Because the tall Pumpkin Cream Cold Brew sits at about 140 calories, many people treat it as a flexible add on in their day rather than a full snack. On a day when you already have a steady breakfast and lunch planned, this drink can slide into an afternoon break without blowing past a calorie target for many eating plans.
If you track blood sugar, the 17 grams of sugar per tall drink still deserve attention. Pairing the drink with some protein, such as a hard boiled egg or a small handful of nuts, can slow the sugar curve a bit. Those foods do not change the drink itself, yet they help your body handle the sweet coffee in a steadier way.
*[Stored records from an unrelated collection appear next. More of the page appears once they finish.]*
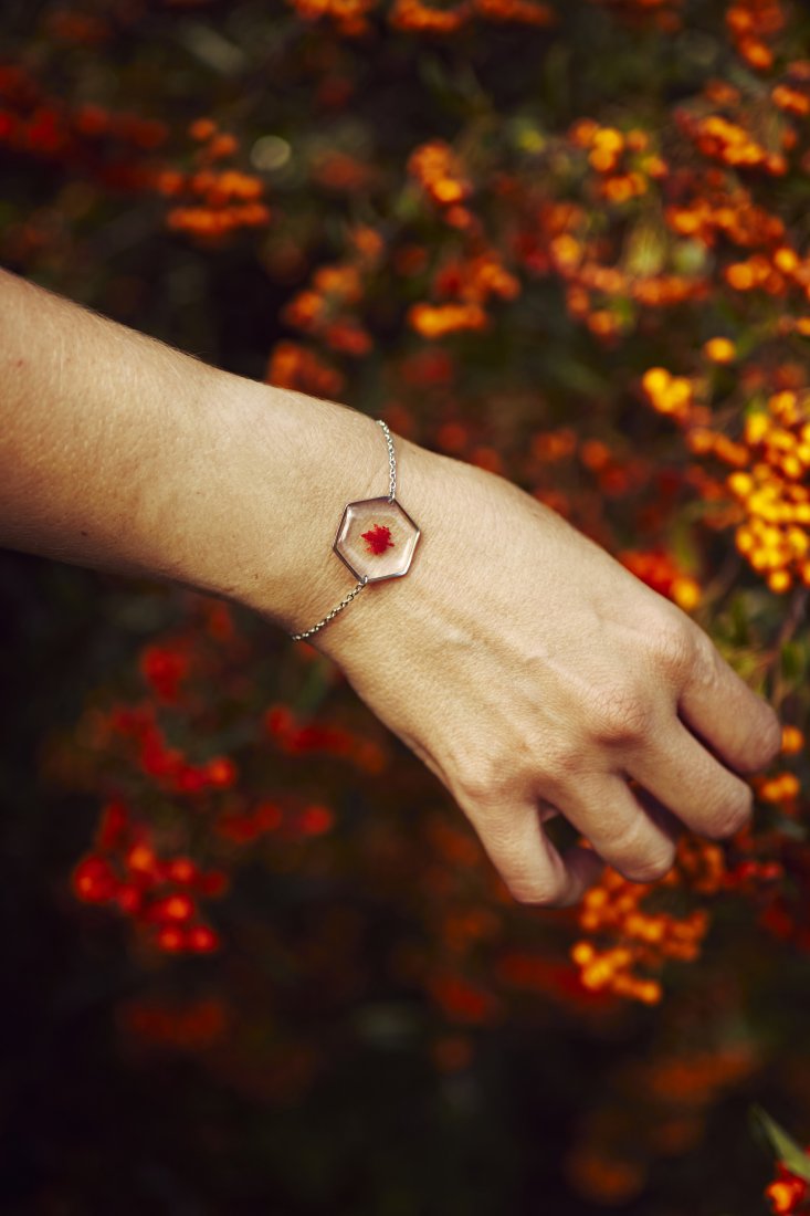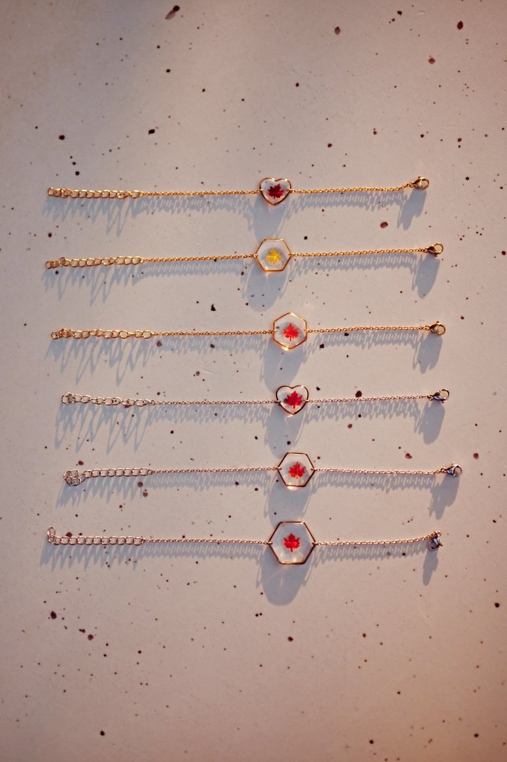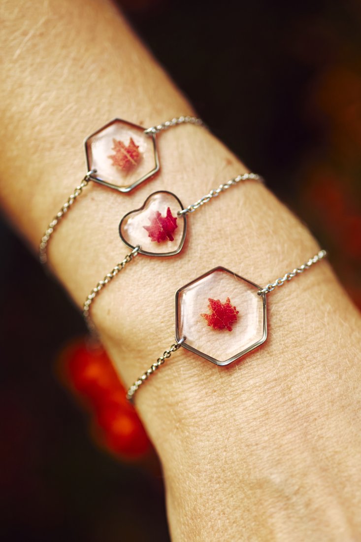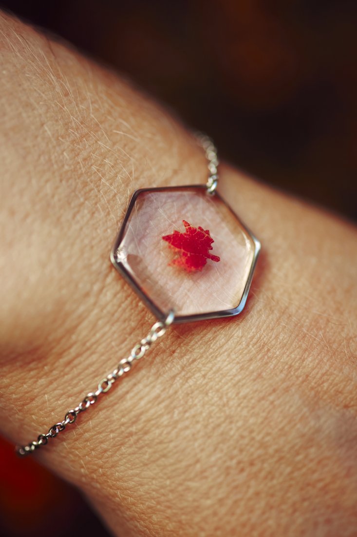 Wyjątkowa bransoletka, wypełniona delikatnymi płatkami pięknymi listkami klonu drobnolistnego, który został uchwycony w krystalicznie czystej żywicy jubilerskiej.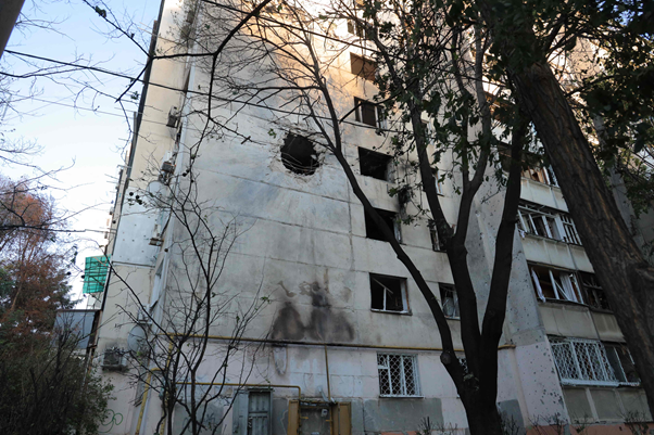 युक्रेनको उद्धार सेवाले भवनमा लागेको आगलागी र त्यसबाट निस्किरहेको धुवाँका तस्बिर सार्वजनिक गरेको छ ।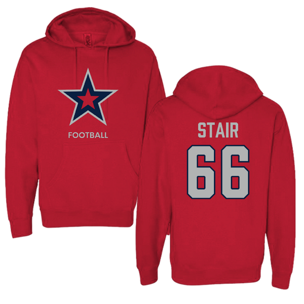 Robert Morris University Football Red Mascot Hoodie - #66 Aidan Stair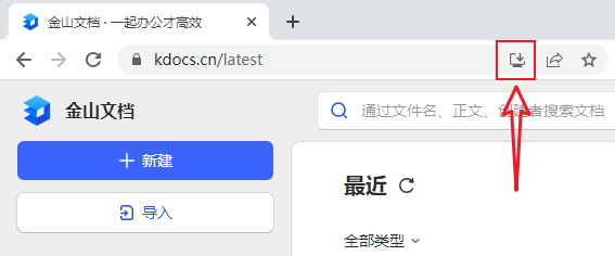 在Edge浏览器中,打开金山文档链接:https://www.kdocs.cn/latest

On days when you hold calories lower, you might skip the Pumpkin Cream Cold Brew or pick a plain cold brew instead. Then on days with more room, such as a social coffee stop or a weekend walk, the tall pumpkin drink can move back into the plan without much stress.
Practical Tips For Ordering Tall Pumpkin Cream Cold Brew
When you step up to the counter and still wonder, “how many calories in tall pumpkin cream cold brew?” it helps to have a small script ready. If you want the original drink and are fine with the 140 calorie range, ask for the standard tall version and enjoy it slowly, letting the foam mix in as you sip.
If your goal is a lighter drink, start by picking the tall size instead of grande, then use one of the custom changes from the table above. Even a simple tweak, such as sugar free vanilla syrup or light foam, can save dozens of calories while still giving you that cold brew and pumpkin spice mix that signals the fall season.
Over time you might learn which order feels right for weekdays, and which order feels better as a weekend treat. Having those patterns ready means you spend less time at the counter making last second decisions and more time enjoying your cold brew, while still staying close to the calorie target that matches your goals.